= Papal poet laureate =

Although popes have several times named poets laureate, the practice was never regular and never attained importance. The ceremony to laureate Camillo Querno, for example, was little more than a piece of entertainment. The pope could laureate a poet himself or delegate the authority to a papal count palatine or another poet laureate. For example, the papal laureate Johannes Rhagius paid 100 florins for the right to laureate six poets of his choosing. Pope Pius II, who had been laureated by the Emperor Frederick III before ascending the papal throne, never created any poets laureate. Nevertheless, papal poets laureate seem to have been considered of the same rank as the much more prominent imperial poets laureate. In 1512, there was a joint ceremony in which two poets were simultaneously laureated by the pope and an imperial representative.
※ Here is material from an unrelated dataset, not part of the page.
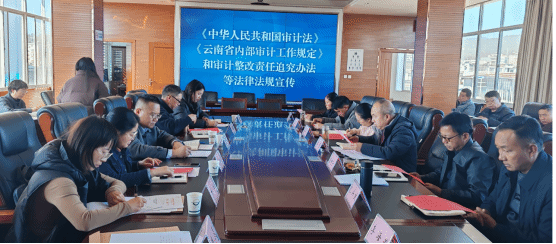一是认真落实“谁执法,谁普法”的工作要求,进点会议做好“大众化”综合普法。审计组成员向参会人员发放《中华人民共和国审计法》、内部审计、审计整改宣传彩页,并对《中华人民共和国审计法》《云南省内部审计工作规定》《云南省审计查出问题整改责任追究办法(试行)》等相关法律法规进行宣传。
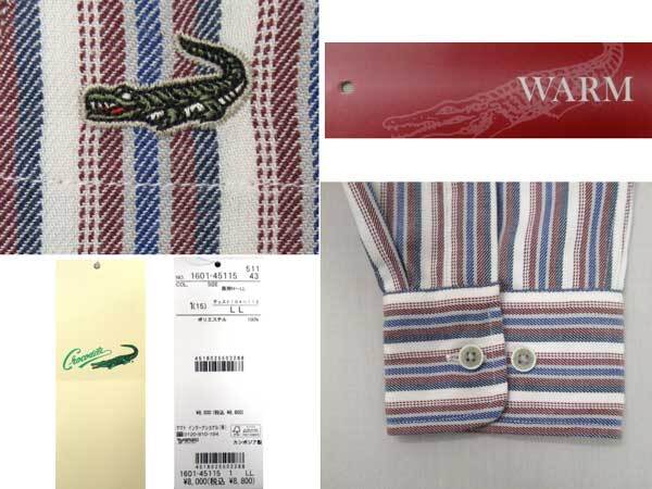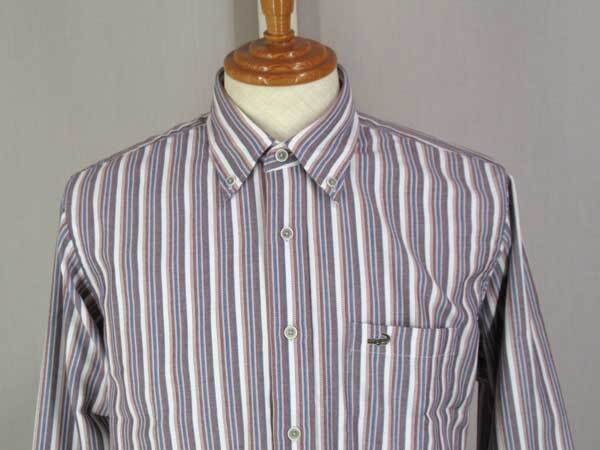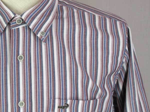 クロコダイルのワニマーク付シャツです。 【ポリエステル素材/保温性に優れた生地を使用】 ポリエステル・ツイル生地を使用しています。 ハリ・コシのある生地です。 【デザイン・ディティール/トレードマークのワニが決めて】 衿形はボタンダウン仕様。 左胸ポケットにワンポイントでトレードマークのワニを施しています。 白ベースにワイン、ブルー等のストライプ柄です。 【スタイル・シルエット・フィット感】 サイズ/シルエットはベーシックスタイル。 大きすぎない・細すぎないジャストフィット シルエットです。 バック・サイドダーツ仕様。 カンボジア。 |

==List of papal poets laureate==
- Giovanni Aurispa, possibly laureated by Pope Eugene IV or Pope Nicholas V in Rome no later than 1459
- Leon Battista Alberti, possibly laureated by Pope Nicholas V no later than 1471
- Giovanni Gioviani Pontano, laureated by Pope Innocent VIII on 8 January 1486
- Johannes Rhagius, laureated in Rome between 1499 and 1501, possibly by Pope Alexander VI
- Francesco Maria Grapaldi, laureated by Pope Julius II in Rome on 11 November 1512
- Vincenzo Pimpinelli, laureated by Pope Julius II in Rome on 11 November 1512
- Camillo Querno, laureated by Pope Leo X in Rome in 1514
- Domenico Falugi, laureated by Pope Leo X in Rome on 19 July 1521
- Jakob Fischer, laureated no later than 1583, apparently by a pope
- Maciej Kazimierz Sarbiewski, laureated by Pope Urban VIII in 1623 after 26 August
- Bernardo Perfetti, laureated by Pope Benedict XIII in Rome on 6 or 13 May 1725
- Maria Maddalena Morelli Fernandez, laureated by Pope Pius VI in Rome on 31 August 1776

The anonymous "Lombard monk" (monachus Lombardus) whose commentary on Alexander of Villedieu's Doctrinale was published at Milan on 24 March 1484 may have been a papal poet laureate.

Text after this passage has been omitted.